Sympathetic overdrive, activation of
renin angiotensin systems (RAS), and oxidative stress are vitally involved in the pathogenesis of
hypertension and cardiovascular remodeling. We recently identified that vaccarin protected endothelial cell function from oxidative stress or high
glucose. In this study, we aimed to investigate whether vaccarin attenuated
hypertension and cardiovascular remodeling. Two-kidney one-
clip (2K1C) model rats were used, and low dose of vaccarin (10 mg/kg), high dose of vaccarin (30 mg/kg),
captopril (30 mg/kg) were intraperitoneally administrated. Herein, we showed that 2K1C rats exhibited higher systolic blood pressure (SBP), diastolic blood pressure (DBP), mean arterial pressure (MAP), left ventricular mass/
body weight ratio, myocardial
hypertrophy or
fibrosis, media thickness, and media thickness to lumen diameter, which were obviously alleviated by vaccarin and
captopril. In addition, both vaccarin and
captopril abrogated the increased plasma
renin,
angiotensin II (Ang II),
norepinephrine (NE), and the basal sympathetic activity.
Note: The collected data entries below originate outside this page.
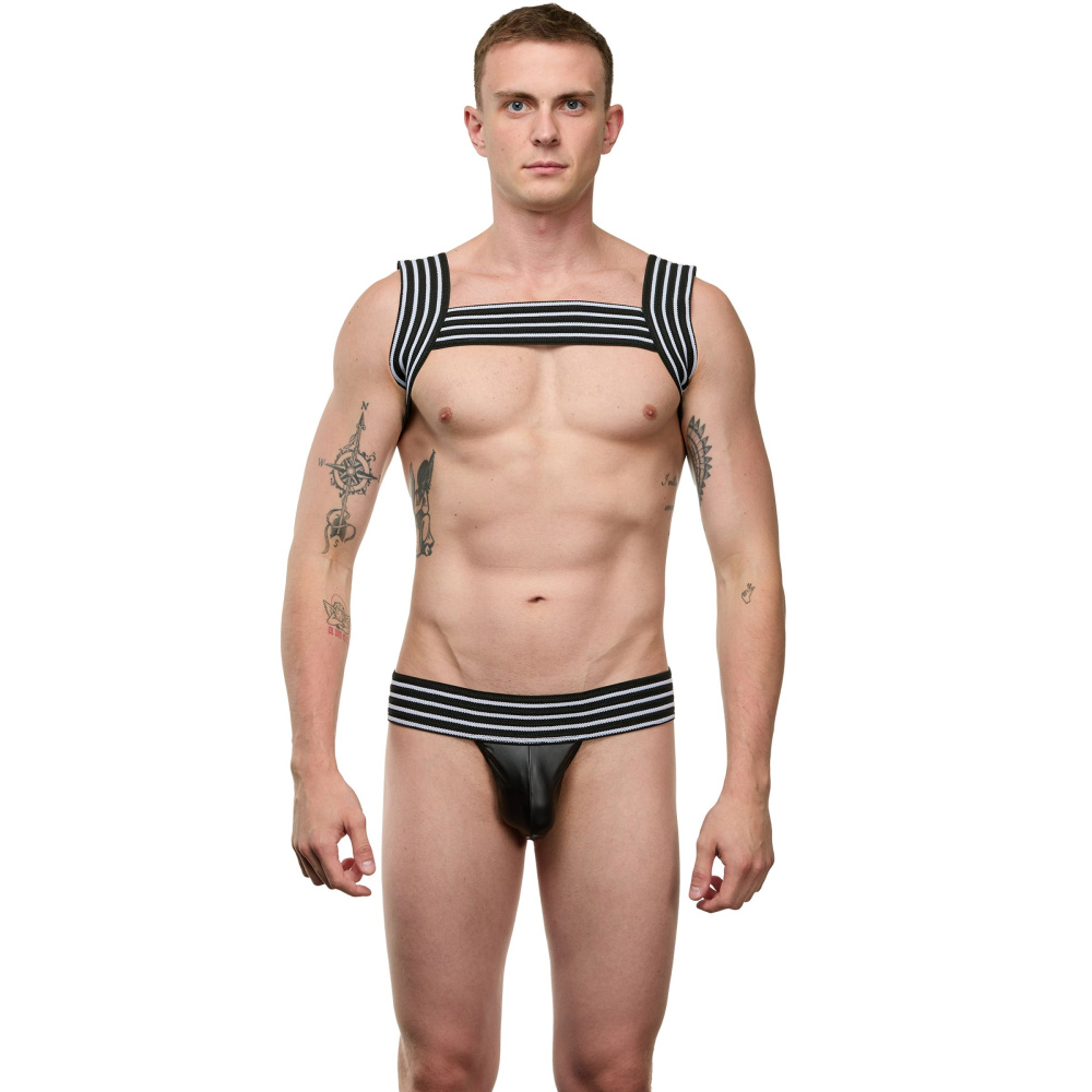 Мужской костюм «Гладиатор». Состоит и 2 предметов в полоску: портупеи и трусиков-джоки. В комплекте: портупея, трусики-джоки.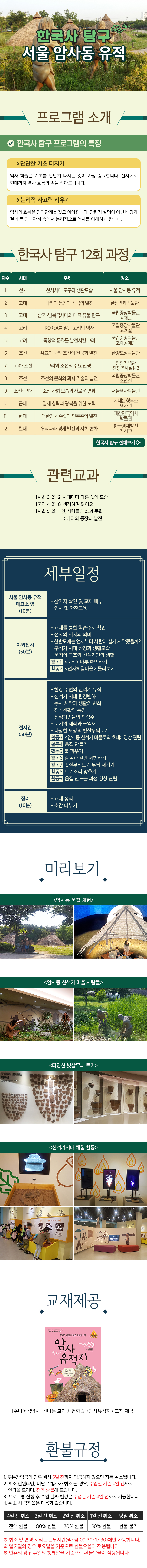 ㆍ시간 : 오전 10:00~12:00 오후 14:30~16:30 (날짜별로 상이) ㆍ만나는 장소 : 서울 암사동 유적 매표소 앞 ㆍ회비 : 1회당 38,000원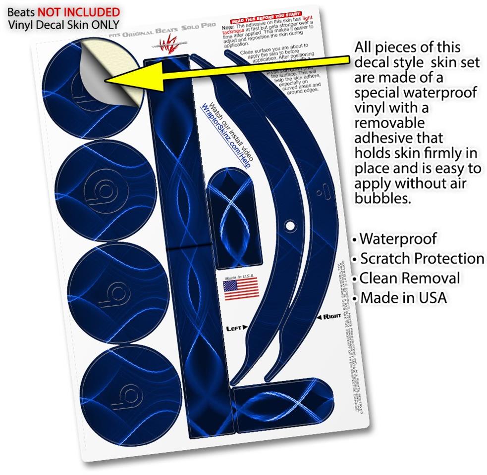 This product is in no way affiliated with or endorsed by Apple or Beats brand products. WraptorSkinz® skin wraps work with the Original Beats Solo Pro version 1 headphones. Printed using superb photo quality designs and vibrant colors printed with special fade resistant inks that last even in direct sun for years. WraptorSkinz are a composite of two layers of commercial grade materials. The bottom layer is a soft, flexible vinyl with a special removable adhesive that is easily positioned, applied without air bubbles. Next, we print the bottom layer with UV protected, fade resistant inks that deliver superb photo quality designs in vibrant colors. Finally, we bond a professional grade laminate over the entire skin adding a glossy protective finish.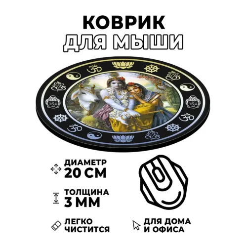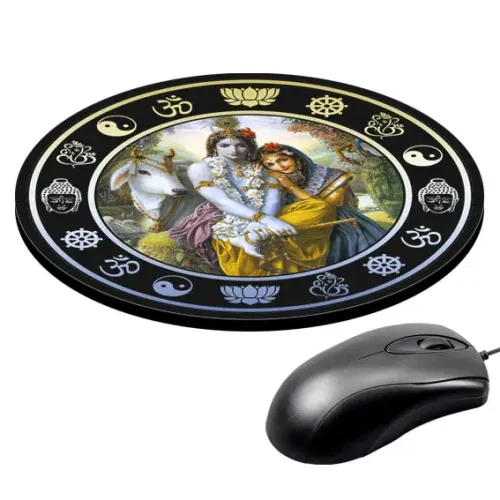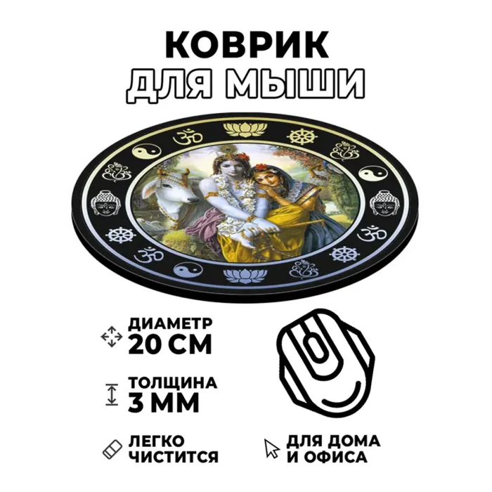 Коврик для компьютерной мыши с изображением Кришны и Радхи — это не только практичный аксессуар, но и элемент культурного наследия. Он символизирует гармонию и любовь, что делает его идеальным подарком для ценителей индийской культуры.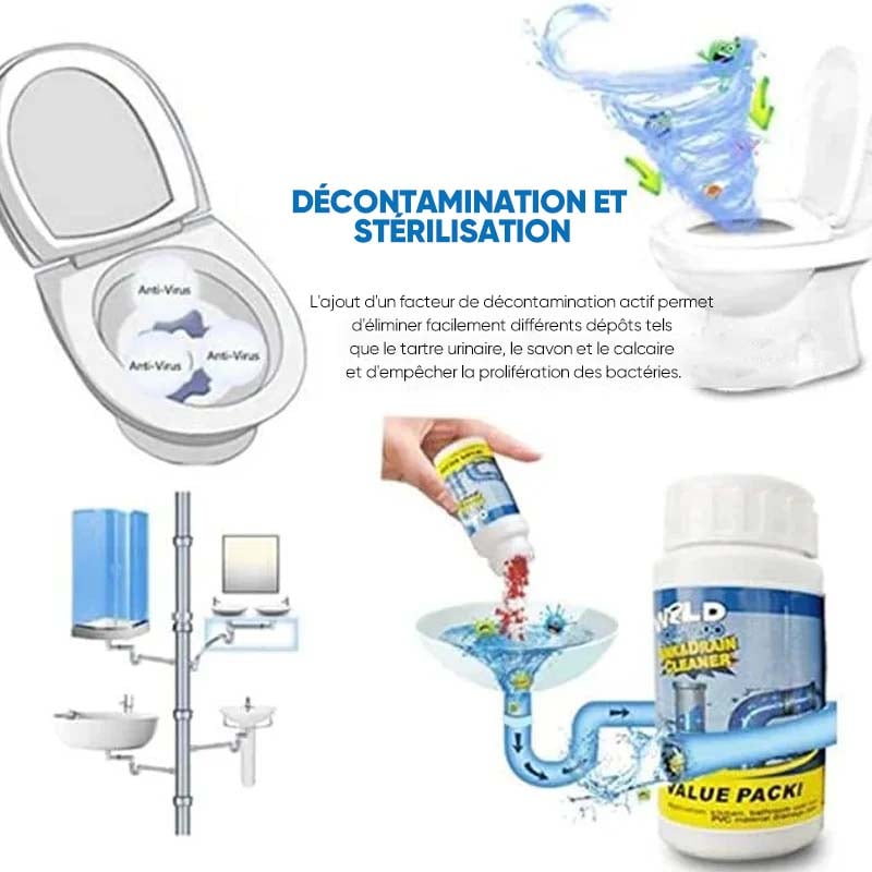Il est facile à utiliser, il suffit de verser la poudre. Il désodorise avec un parfum frais tout en tuant 99% des bactéries. Le puissant Nettoyeur d'évier et de canalisations ne s'applique pas uniquement aux toilettes, mais peut également être utilisé pour nettoyer les tuyaux de cuisine, les éviers de salle de bains et les canalisations d'eau des balcons.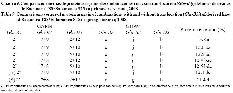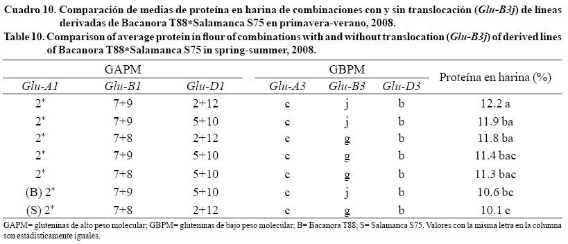En el Cuadro 9 y 10 se muestra la comparación de medias por combinación para proteína en grano y harina, respectivamente; donde se observan que las combinaciones 2*, 7+9, 2+12, c, j, b y 2*, 7+9, 5+10, c, j, b mostraron valores altos; sin embargo, combinaciones sin translocación se asociaron a porcentajes estadísticamente iguales, resultados similares fueron reportados por Kim et al. (2005). Por otro lado, la combinación de Salamanca S75 sin el alelo Glu-B3j, se asocio al valor más bajo de proteína, esto último no se asemeja con lo reportado por Amiour et al. (2002).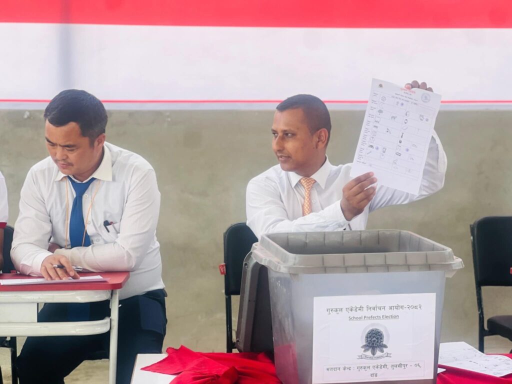 दाङ । गुरुकुल एकेडेमी लमही र गुरुकुल एकेडेमी तुलसीपुरमा पहिलो पटक विधिवत निर्वाचन प्रक्रियाबाट विद्यालय स्तरीय विद्यार्थी नेतृत्व चयन गरिएको छ ।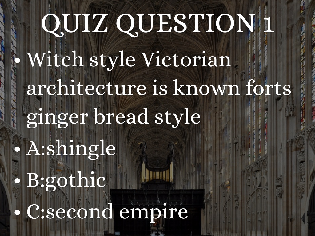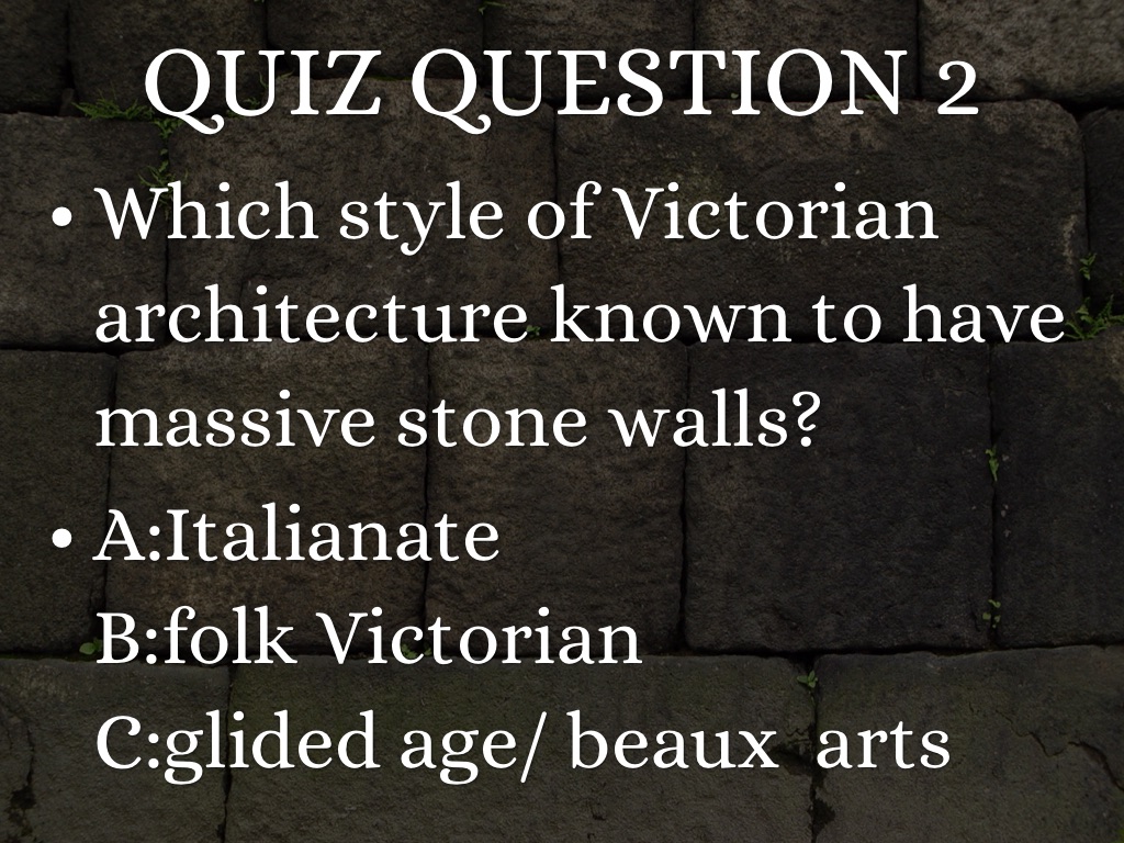 A:Italianate B:folk Victorian C:glided age/ beaux arts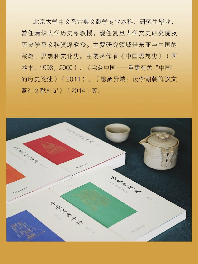 葛兆光,北京大学中文系古典文献学专业本科、研究生毕业,曾任清华大学历史系教授,现任复旦大学文史研究院及历史学系文科资深教授。主要研究领域是东亚与中国的宗教、思想和文化史。主要著作有《中国思想史》(两卷本,1998,2000)、《宅兹中国——重建有关“中国”的历史论述》(2011)、《想象异域:读李朝朝鲜汉文燕行文献札记》(2014)等。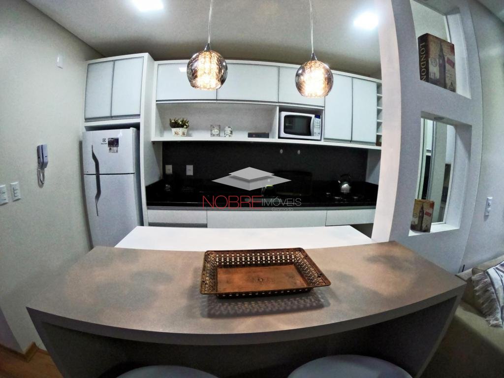 Apartamento totalmente mobiliado de 02 dormitórios (sendo 01 suíte), living com lareira, cozinha americana, área de serviço, lavabo, sacada com churrasqueira, água quente, split e calefação instalados, piso porcelanato e laminado, aberturas em pvc e 01 vaga de garagem.

The AT1R
protein expressions,
NADPH oxidase subunit NOX-2
protein levels and
malondialdehyde (MDA) content were significantly increased, whereas
superoxide dismutase (SOD) and
catalase (CAT) activities were decreased in myocardium, aorta, and mesenteric artery of 2K1C rats, both vaccarin and
captopril treatment counteracted these changes in renovascular hypertensive rats. Collectively, we concluded that vaccarin may be a novel complementary therapeutic medicine for the prevention and treatment of
hypertension. The mechanisms for
antihypertensive effects of vaccarin may be associated with inhibition of sympathetic activity, RAS, and oxidative stress.